United States District Court, E.D. California

June 29, 2017

WILLIAM WIESE, an individual; JEERMIAH MORRIS, an individual; LANCE COWLEY, an individual; SHERMAN MACASTON, an individual; ADAM RICHARDS, in his capacity as Trustee of the Magazine Ban Lawsuit Trust; CLIFFORD FLORES, individually and as trustee of the Flores Family Trust; L.Q. DANG, an individual; FRANK FEDEREAU, an individual; ALAN NORMANDY, an individual; TODD NIELSEN, an individual; THE CALGUNS FOUNDATION; FIREARMS POLICY COALITION; FIREARMS POLICY FOUNDATION; and SECOND AMENDMENT FOUNDATION; Plaintiffs,
v.
XAVIER BECERRA, in his official capacity as Attorney General of California; and MARTHA SUPERNOR, in her official capacity as Acting Chief of the Department of Justice Bureau of Firearms; Defendants.

          MEMORANDUM AND RE: MOTION FOR PRELIMINARY INJUNCTION

          UWILLIAM B. SHUBB NITED STATES DISTRICT JUDGE.

         Before the court is plaintiffs' Motion for Issuance of Preliminary Injunction. (Docket No. 28.) The court held a hearing on the request for a preliminary injunction on June 29, 2017.

         I. Factual and Procedural History

         This case concerns a challenge to California's prohibition on the possession of gun magazines that can hold more than ten bullets, or “large capacity” magazines (“LCM”).[1]Although California had banned the purchase, sale, transfer, receipt, or manufacture of such magazines since 2000, it did not ban the possession of these magazines. Fyock v. City of Sunnyvale, 779 F.3d 991, 994 (9th Cir. 2015). In effect, Californians were allowed to keep large capacity magazines they had obtained prior to 2000, but no one, with a few exceptions such as law enforcement officers, has been allowed to obtain new large capacity magazines since 2000.

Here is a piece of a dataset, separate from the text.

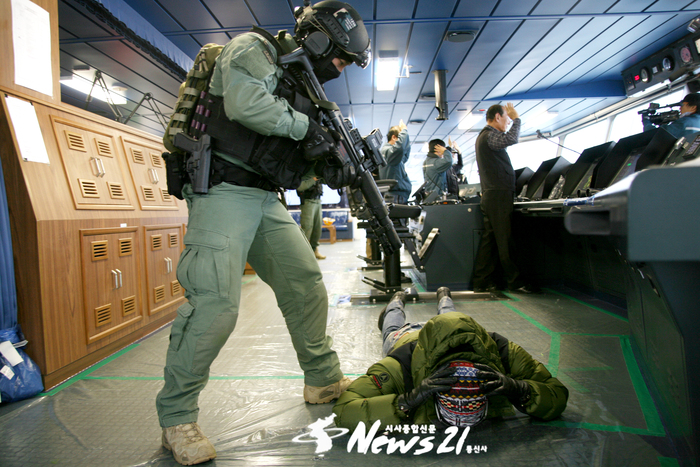 현대삼호중공업의 협조로 불무기도 앞 해상에서 실시된 이번 훈련은 항해중인 선박이 무장 테러범에 장악당한 상황을 가정해 공중과 해상에서 동시 진입, 테러범을 진압하는 내용으로 실시됐다.
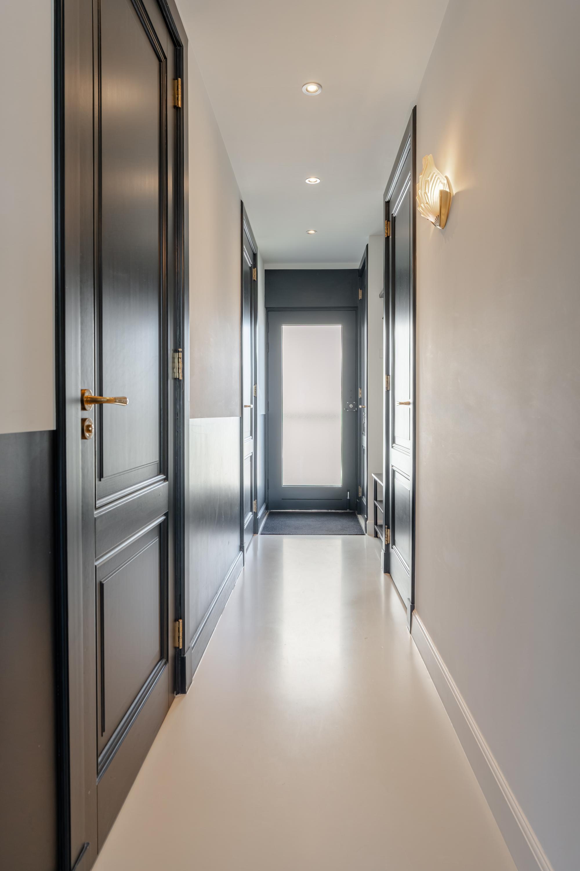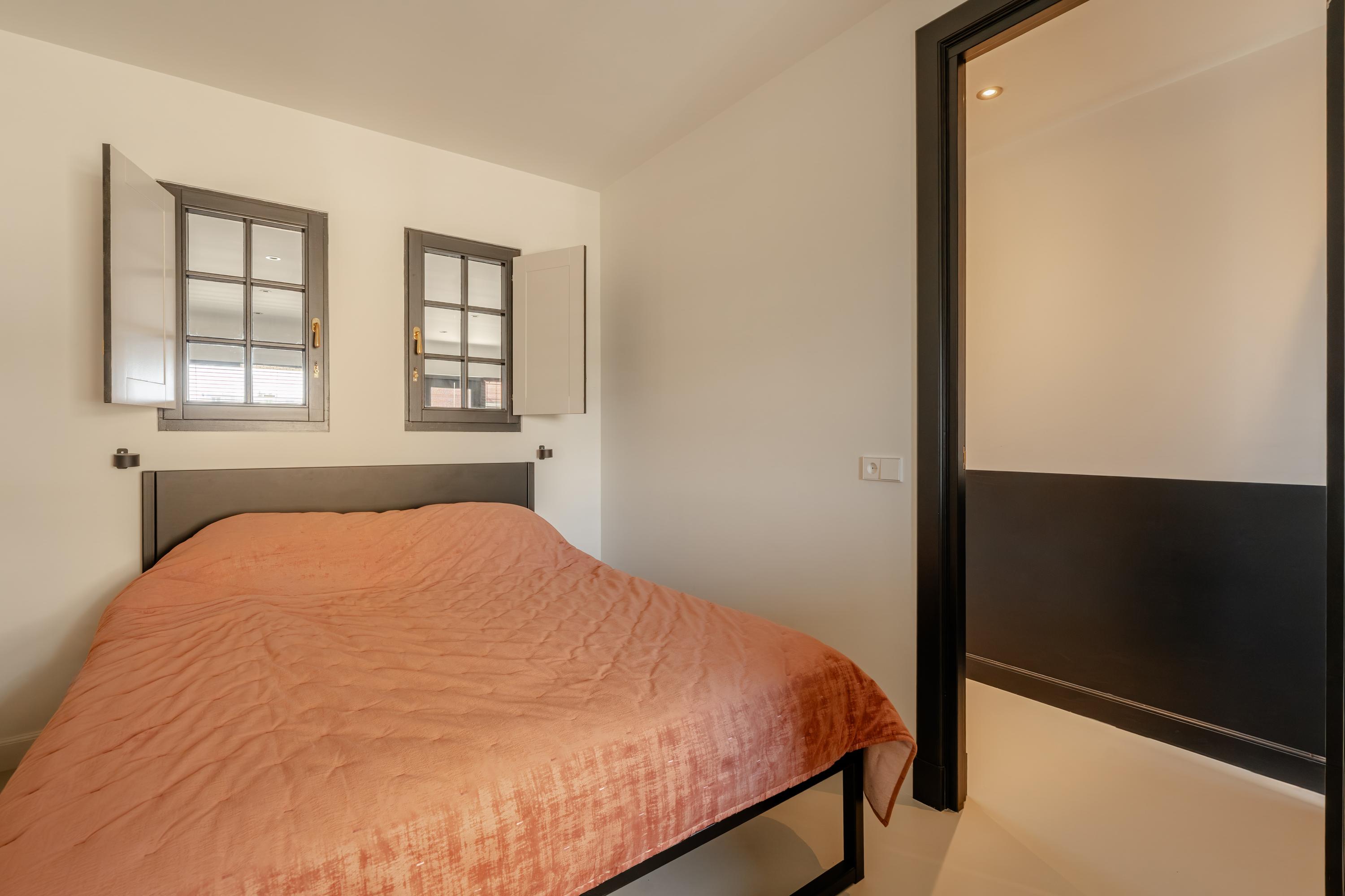 Inside, the apartment has been finished to a high standard with great attention to detail. Clean lines, a calm palette, and high-quality materials create an interior that feels instantly welcoming. The black floor-to-ceiling doors add a distinctive and elegant touch, evoking a subtle boutique hotel atmosphere.

         On July 1, 2016, however, California enacted Senate Bill 1446 (“SB 1446”), which amended California Penal Code § 32310, criminalizing the possession of large capacity magazines as of July 1, 2017, regardless of when the magazines were obtained. Then, on November 8, 2016, the California electorate approved Proposition 63, which largely mirrors SB 1446. The amended version of Section 32310 enacted by Proposition 63 requires that anyone possessing a large capacity magazine either remove the magazine from the state, sell the magazine to a licensed firearms dealer, or surrender the magazine to a law enforcement agency for its destruction prior to July 1, 2017. Cal. Penal Code § 32310(d). The amended version of Section 32310 also provides that possession of a large capacity magazine as of July 1, 2017 constitutes an infraction or a misdemeanor punishable by a fine not exceed $100 per large capacity magazine and/or imprisonment in a county jail not to exceed one year. Id. § 32310(c).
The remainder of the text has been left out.